[Records to process]:
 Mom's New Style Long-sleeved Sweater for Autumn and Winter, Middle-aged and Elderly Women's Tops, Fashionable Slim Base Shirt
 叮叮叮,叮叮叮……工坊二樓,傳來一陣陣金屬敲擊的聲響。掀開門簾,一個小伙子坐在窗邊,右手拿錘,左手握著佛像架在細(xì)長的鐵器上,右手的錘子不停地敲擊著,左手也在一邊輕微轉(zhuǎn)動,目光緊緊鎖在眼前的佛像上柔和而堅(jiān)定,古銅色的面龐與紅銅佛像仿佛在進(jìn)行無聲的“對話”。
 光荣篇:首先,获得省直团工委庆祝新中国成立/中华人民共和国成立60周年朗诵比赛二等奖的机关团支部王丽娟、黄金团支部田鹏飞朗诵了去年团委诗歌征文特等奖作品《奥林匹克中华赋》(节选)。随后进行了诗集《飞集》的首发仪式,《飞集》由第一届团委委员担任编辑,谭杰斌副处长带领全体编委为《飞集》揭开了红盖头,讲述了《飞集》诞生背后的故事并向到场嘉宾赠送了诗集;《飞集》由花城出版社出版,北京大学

...

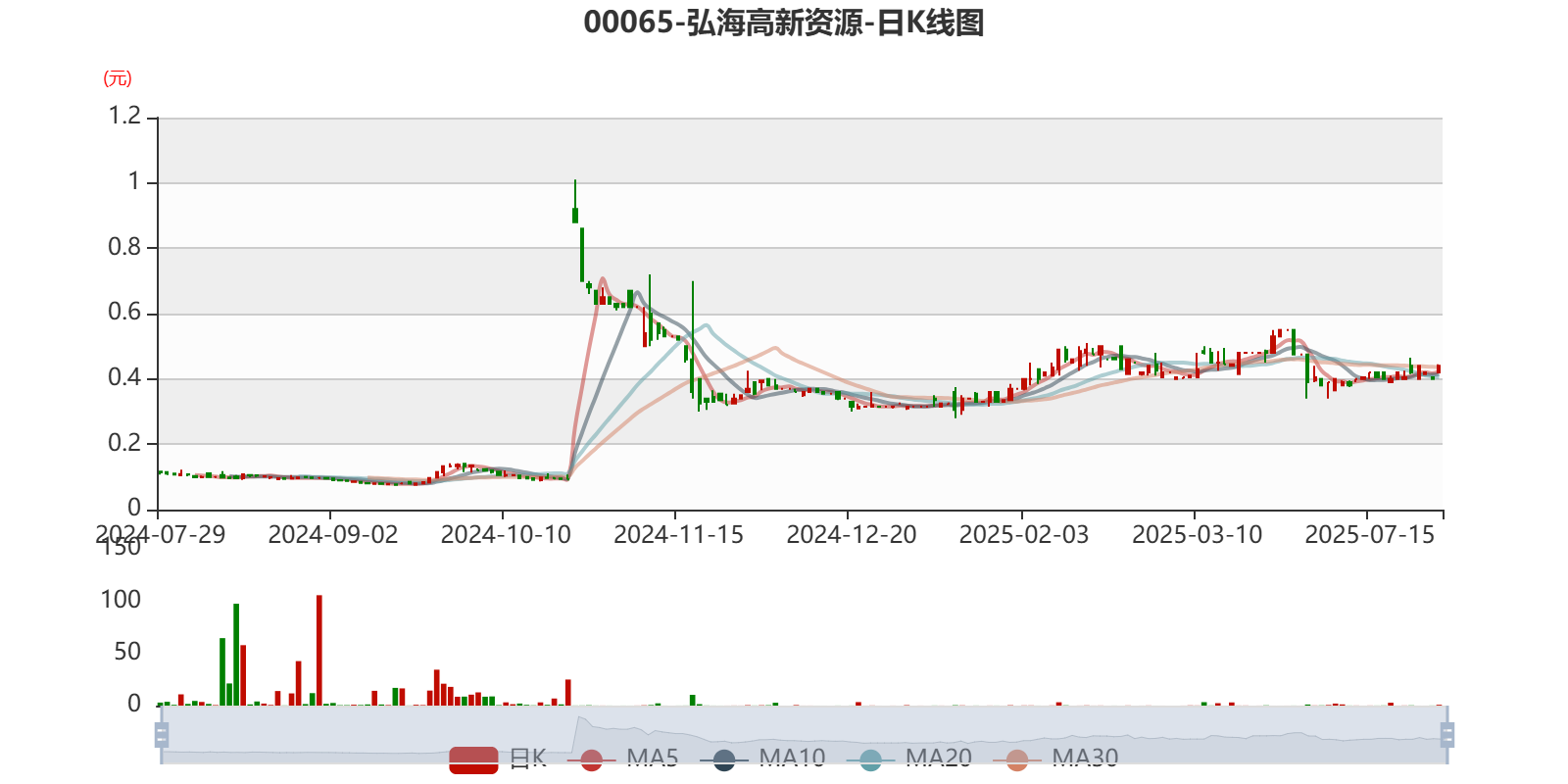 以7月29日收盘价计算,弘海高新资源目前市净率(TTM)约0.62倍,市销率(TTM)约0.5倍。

[Exercise description]:
Among the entries above, find the line with "Mom's New Style" and the line with "光荣篇:首先,获得省直团工委"; give again exactly these two lines and all lines between them.

[Result for this task]:
 Mom's New Style Long-sleeved Sweater for Autumn and Winter, Middle-aged and Elderly Women's Tops, Fashionable Slim Base Shirt
 叮叮叮,叮叮叮……工坊二樓,傳來一陣陣金屬敲擊的聲響。掀開門簾,一個小伙子坐在窗邊,右手拿錘,左手握著佛像架在細(xì)長的鐵器上,右手的錘子不停地敲擊著,左手也在一邊輕微轉(zhuǎn)動,目光緊緊鎖在眼前的佛像上柔和而堅(jiān)定,古銅色的面龐與紅銅佛像仿佛在進(jìn)行無聲的“對話”。
 光荣篇:首先,获得省直团工委庆祝新中国成立/中华人民共和国成立60周年朗诵比赛二等奖的机关团支部王丽娟、黄金团支部田鹏飞朗诵了去年团委诗歌征文特等奖作品《奥林匹克中华赋》(节选)。随后进行了诗集《飞集》的首发仪式,《飞集》由第一届团委委员担任编辑,谭杰斌副处长带领全体编委为《飞集》揭开了红盖头,讲述了《飞集》诞生背后的故事并向到场嘉宾赠送了诗集;《飞集》由花城出版社出版,北京大学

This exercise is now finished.